Argleton, Lancashire: the town that doesn’t exist
Argleton was a "phantom" settlement that appeared on Google Maps and Google Earth but does not actually exist. The supposed location of Argleton was just off the A59 road within the civil parish of Aughton in West Lancashire, England, which in reality is nothing more than empty fields.
“Doesn’t exist. Doesn’t exist. I’m so fucking tired of being
told Argleton doesn’t exist.” Landon shook with rage.
There he stood, once again, in front of a newsstand; the marquee quire clearly stating that Argleton did not, in fact, exist.
Choosing to do something with his rage rather than let it simmer into a carcinogenic stress ball as usual, Lando stormed to the Argy Bargy – the pub whose name was a fun play on the local’s nickname for their beloved town, “Argy”.
The thock of a pre-thrown dart hitting the board echoed though the sparsely-populated pub as the hulking mass of Lando hulked through the saloon room, rage-crumpled copy of The Daily Mail in hand. The quiet din of the pub quietened further to a hum of whispers.
Lando hulk sauntered to the bar and assumed his usual preach position in front of the draught taps. “Are we gonna,” Lando started, his boom finally muffling the remaining hum, “sit around and take this?” He thrust the paper in the air to punctuate the point. Due to his tense grip over the masthead, the headline now read, ‘Tow xist’.
Roy, stationed on what was affectionately known as Roy’s booze stool to regulars, looked up from his pint glass and muttered in the manner that only a British drunk could, “There’s no point getting a bee in your bonnet again, youngin.”
The pub hushed and turned its attention to Lando for a rebuttal. The tension was palpable.

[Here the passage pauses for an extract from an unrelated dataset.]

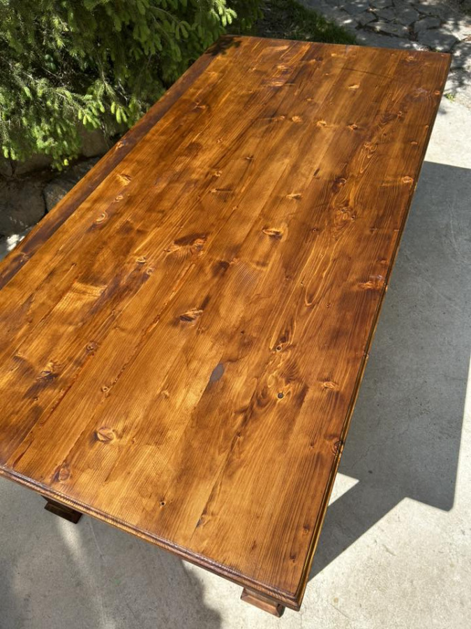 ST35 -Zabíjačkový stôl, zrenovovaný, pevný masívny bez škodcov!!! Pekná orechová farba s patinou! Ihneď k odberu.

“No point?” Lando yelled, exasperated. “No POINT?” He yelled louder, defiantly. “There are people out there saying that we are nothing. That we don’t contribute. That we aren’t even worth including. And you have the gall to sit there and tell me it’s not anything to get worked up about? Have you no PRIDE?” Lando’s pride was indicated by his arms opening in the vague direction of enveloping the town in a loving proud hug.
Roy didn’t flinch. “I’m as Argletonian as peppered tea,” he fired back, referring to a local delicacy. “But even you can surely admit they have a point?”
Lando crossed his arms, brought his feet together and with his expression completed a stance that body language experts would aptly describe as ‘engaged’. Go on, his body language said. Now, his eyebrows and slight nod demanded.
“You know as well as the next man that we don’t exist,” Roy flatly informed everyone listening of their inexistence.
Body language experts further defined the resulting lean from Lando towards Roy as engaged and pissed and probably about to throw a punch.
“I have no doubt you feel real,” Roy said, sensing diffusion was necessary to subvert a fist-face connection. “That is, after all, part of the trick. Part of the illusion.”
Lando, arms still crossed, pinched himself underneath his folded arms to confirm the validity of his existence.